Utilizar a Wisner para que hiciera una petición directa al presidente

egipcio había sido idea de Hillary, y me pareció que tenía lógica: era

literalmente un vástago de los dirigentes de la política exterior

estadounidense; su padre había sido un líder icónico durante los años

fundacionales de la CIA y Mubarak lo conocía bien y confiaba en él. Al

mismo tiempo, entendía que la historia de Wisner con el presidente egipcio

y su perspectiva tradicional sobre la diplomacia estadounidense podían

hacer que evaluara las posibilidades de cambio desde una perspectiva

conservadora.

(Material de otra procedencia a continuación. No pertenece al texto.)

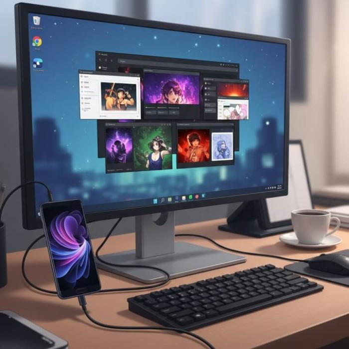 PC에 'Samsung DeX' 프로그램을 설치하고 USB 케이블로 연결하면, PC 모니터 안에 또 하나의 윈도우 창이 열립니다. 여기서 핸드폰 게임을 큰 화면으로 하거나, 핸드폰 속 문서를 키보드와 마우스로 편집할 수 있습니다. PPT 발표나 업무 효율을 중요시하는 분들에게 강력 추천합니다.
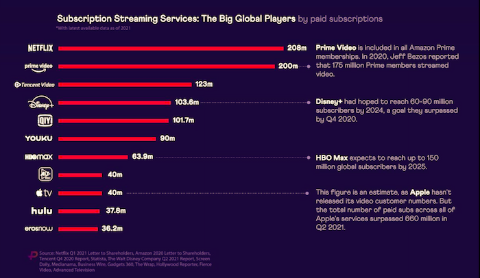Ze streamovacích společnosti je nejsilnějším hráčem, co se počtu předplatitelů týče, Netflix, jenž přidal za poslední čtvrtletí 1,5 milionu předplatitelů k celkovým 209,18 mil. S 200 mil. předplatitelů je na druhém místě Prime Video od Amazonu. Disney přilákalo 103,6 mil. zákazníků.

Antes de que se fuera, lo llamé para indicarle claramente que

fuera «atrevido»: quería que obligara a Mubarak a anunciar que dimitiría

tras los nuevos comicios, un gesto que esperaba que fuera lo bastante

espectacular y específico para que los manifestantes confiaran en que se

avecinaba ese cambio.

Mientras aguardábamos el desenlace de la misión de Wisner, los medios

de comunicación se centraron más en la reacción de mi Administración a la

crisis y, más concretamente, en el bando en el que estábamos. Hasta ese

momento, habíamos hecho poco más que emitir comunicados genéricos

para ganar tiempo. Pero los periodistas de Washington, muchos de los

cuales consideraban atractiva la causa de los jóvenes manifestantes,

empezaron a preguntar con insistencia a Gibbs por qué no apoyábamos de

manera inequívoca a las fuerzas de la democracia. Por su parte, los líderes

extranjeros de la región querían saber por qué no respaldábamos más

enérgicamente a Mubarak. Bibi Netanyahu insistía en que mantener el

orden y la estabilidad en Egipto era lo más importante y me dijo que, de lo

contrario, «Irán intervendrá en dos segundos». El rey Abdalá de Arabia

Saudí estaba aún más alarmado; la propagación de las protestas en la zona

constituía una amenaza existencial para una monarquía familiar que durante

mucho tiempo había acallado cualquier forma de discrepancia interna.

También creía que los manifestantes egipcios en realidad no hablaban por sí

mismos. Enumeró las «cuatro facciones» que en su opinión estaban detrás

de las protestas: los Hermanos Musulmanes, Hezbolá, Al Qaeda y Hamás.